I used this guide: https://forums.tomshardware.com/threads/changing-windows-boot-manager-drive.3571420/post-21561626
Also remember to delete the Microsoft folder in the boot folder on Linux after you’ve checked that the new boot loader is working.
OP:
Currently dual booting as I need Windows for a few tasks and ganes Linux just won’t do. Since setting everything up I’ve reinstalled Linux twice, both times I’ve lost the ability to boot into windows and have needed to reinstall it.

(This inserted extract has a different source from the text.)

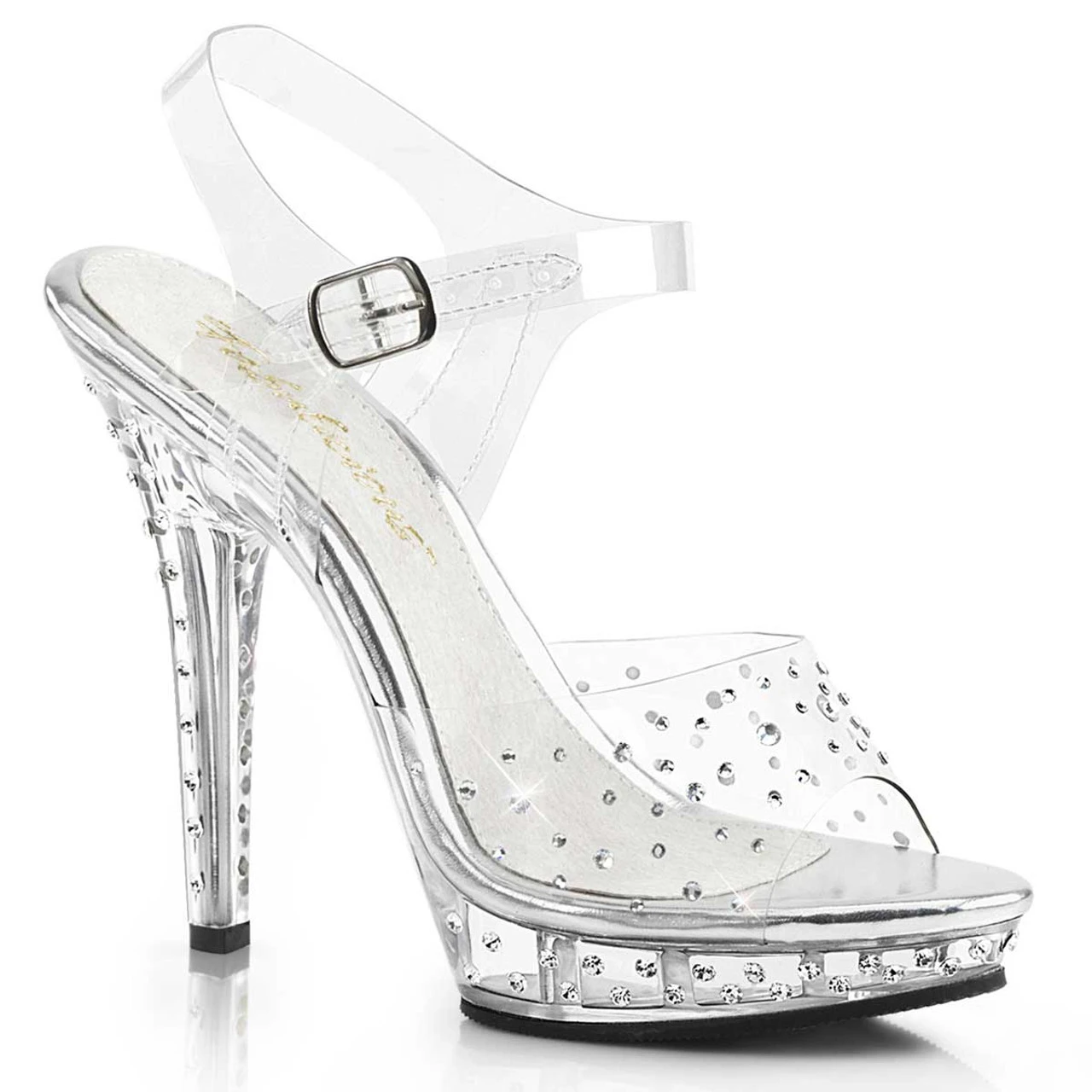 Lip-108RS Approximately 5 inch high heel with ankle strap featuring rhinestones embellishment on strap and platform | Brand: Fabulicious
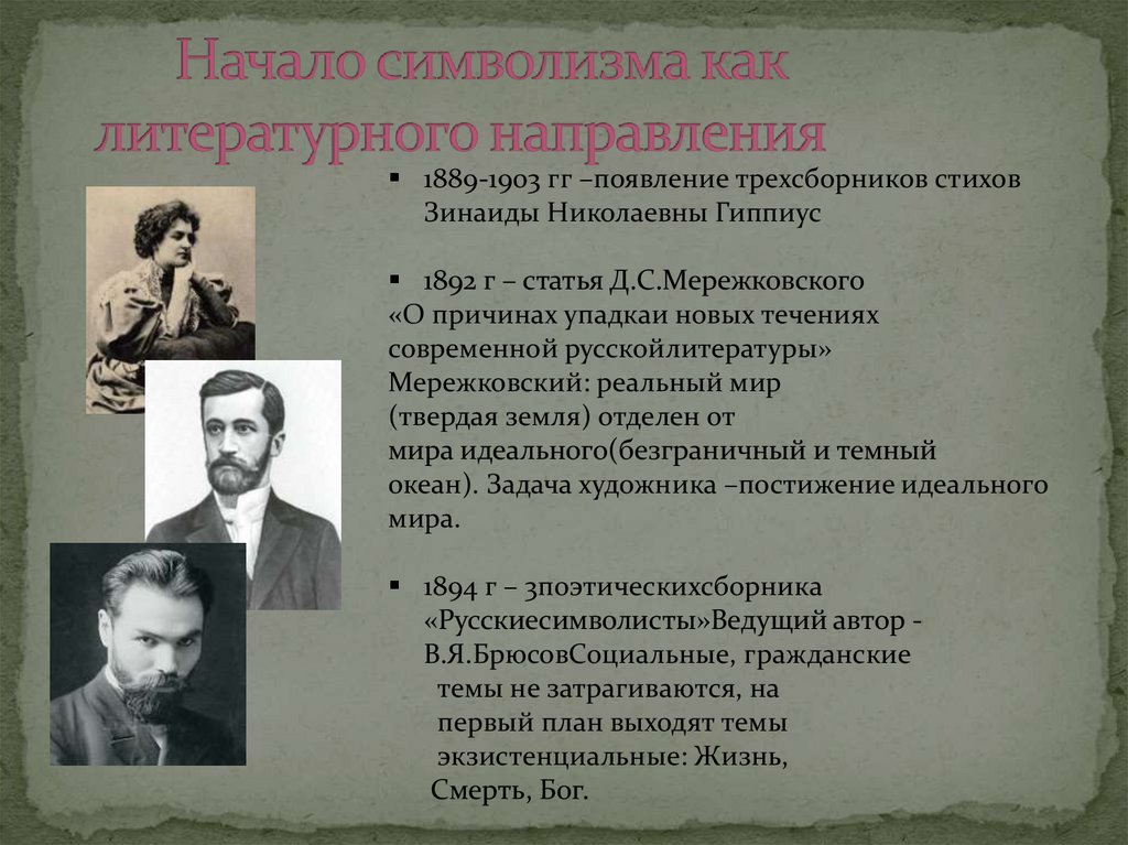 1889-1903 гг –появление трехсборников стиховЗинаиды Николаевны Гиппиус

Disk doesn’t show at all in Grub, tried all kinds of things but it just doesn’t show as a bootable OS. It doesn’t show in the boot options in the BIOS or the boot menu for my motherboard. Drive shows up and all the files are still on it. So my guess is the Windows bootloader somehow installs on the same disk that I have Linux on.
I run Linux(Fedora) and Windows on two separate drives.
Windows take forever to install. Anything I can do now to prevent this from happening if I need to reinstall Linux or if I wanna to some distro hopping?
Just to be clear, everything is working right now. But I want to prevent having to reinstall Windows every time I change distro or reinstall my Linux OS
Do you have the os-prober package installed? I haven't used Fedora in over a decade, so I don't know if it's a default or not.
Yes that’s present and working.
Issue is that my BIOS doesn’t find it either. So something happens when I install a linux distro that breaks the Windows boot loader.
When I reinstall Windows, I can update the grub and it shows up. (It’s also back in the BIOS after reinstalling)
I was doing some quick research and saw someone suggest installing each OS with the other drive disconnected. That way you can first get each one working individually and there's no chance of one messing with the other's bootloader.